• _Exercise brief_: Starting at the line that contains "最后,由商务管理(1)班和市", reproduce only the lines through the end of the data, exactly, including both the first and the last; skip the pictures.

• _Raw data_:
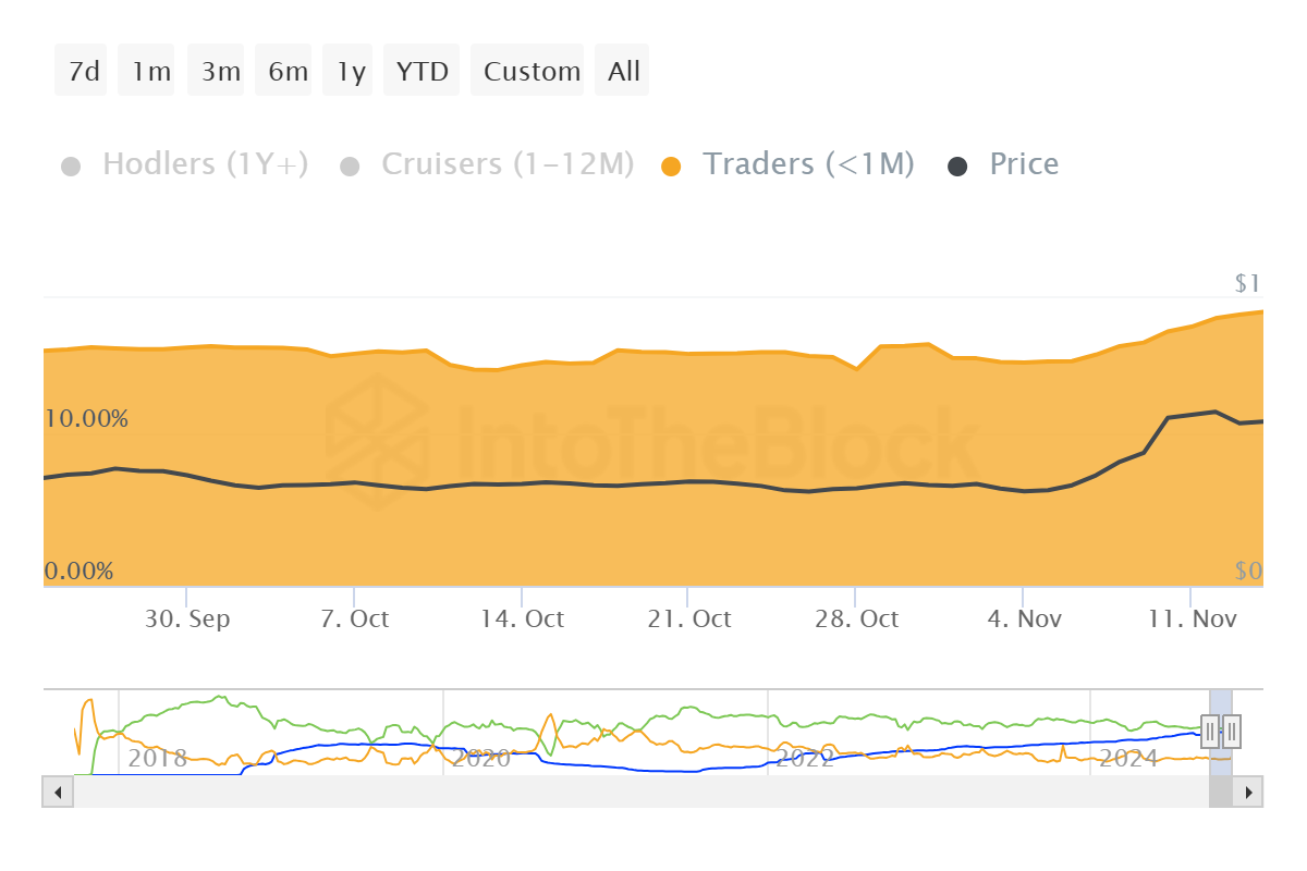 In the past two weeks, short-term investors have dominated Cardano’s market activity. These holders, typically keeping assets for less than a month, are more likely to sell during volatile periods. Their share of ADA holdings has risen from 14% to 18%, suggesting selling pressure may emerge soon. This increase in short-term activity could challenge ADA’s ability to sustain its current levels, especially if profit-taking gains momentum.
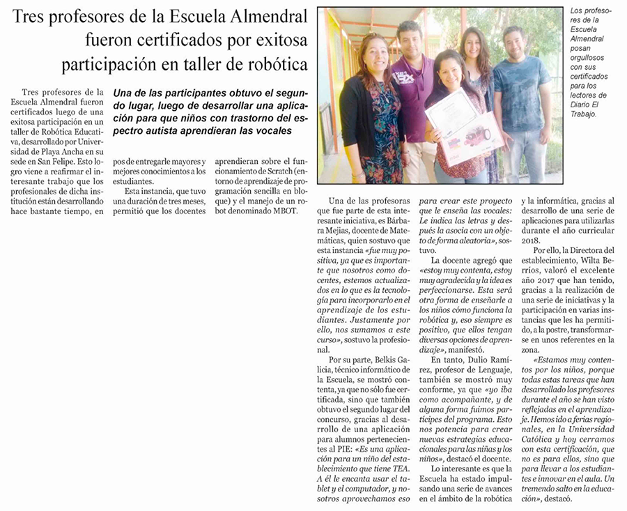 Fuente: Diario El Trabajo de San Felipe, página 12, publicado el 28 de diciembre de 2017.
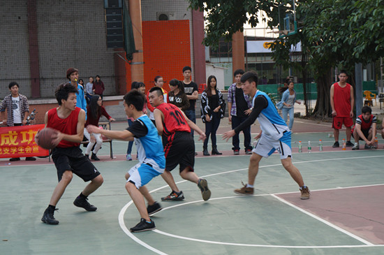 最后,由商务管理(1)班和市场营销班在篮球场上进行巅峰对决。在比赛之前参赛选手们都做好了热身运动,看他们矫健的身姿,自信的姿态,已经为夺下冠军做好准备了。在整个比赛进程中,篮球健儿们积极投入,全力以赴,挥洒着汗水。曾永业同学在比赛过程中凭着精湛的球艺带球过人,不断突破对方的防守,上篮得分。对方3分射手特别厉害,不断的把比分拉回来。双方伯仲之间,实力相当。场下的双方同学们也不示弱,为他们呐喊助威,球员们顽强拼搏,坚持不懈,比赛场面十分激烈,扣人心弦,精彩的表现赢得同学们的阵阵喝彩和掌声。
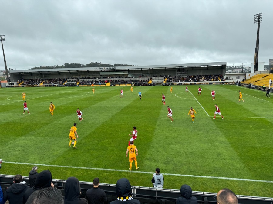 Lourosa brauchte dringend einen Sieg, um die Chance auf den Aufstieg am Leben zu erhalten. In der Aufstiegsrunde mit acht Mannschaften steigen die beiden Bestplatzierten direkt in die zweite Liga auf. Der Drittplatzierte bekommt im Playoff die Chance auf den Aufstieg. Vor der Partie stand Braga auf Platz 2 und Lourosa auf Platz 4. Durch einen Sieg konnte die Heimmannschaft bis auf einen Punkt heranrücken. Ihr könnt es euch denken: Ich war für die Heimmannschaft aus Lourosa und konnte mein Herz jetzt nicht für die Zweitvertretung von Braga erwärmen.

• _Solution to this problem_:
 最后,由商务管理(1)班和市场营销班在篮球场上进行巅峰对决。在比赛之前参赛选手们都做好了热身运动,看他们矫健的身姿,自信的姿态,已经为夺下冠军做好准备了。在整个比赛进程中,篮球健儿们积极投入,全力以赴,挥洒着汗水。曾永业同学在比赛过程中凭着精湛的球艺带球过人,不断突破对方的防守,上篮得分。对方3分射手特别厉害,不断的把比分拉回来。双方伯仲之间,实力相当。场下的双方同学们也不示弱,为他们呐喊助威,球员们顽强拼搏,坚持不懈,比赛场面十分激烈,扣人心弦,精彩的表现赢得同学们的阵阵喝彩和掌声。
 Lourosa brauchte dringend einen Sieg, um die Chance auf den Aufstieg am Leben zu erhalten. In der Aufstiegsrunde mit acht Mannschaften steigen die beiden Bestplatzierten direkt in die zweite Liga auf. Der Drittplatzierte bekommt im Playoff die Chance auf den Aufstieg. Vor der Partie stand Braga auf Platz 2 und Lourosa auf Platz 4. Durch einen Sieg konnte die Heimmannschaft bis auf einen Punkt heranrücken. Ihr könnt es euch denken: Ich war für die Heimmannschaft aus Lourosa und konnte mein Herz jetzt nicht für die Zweitvertretung von Braga erwärmen.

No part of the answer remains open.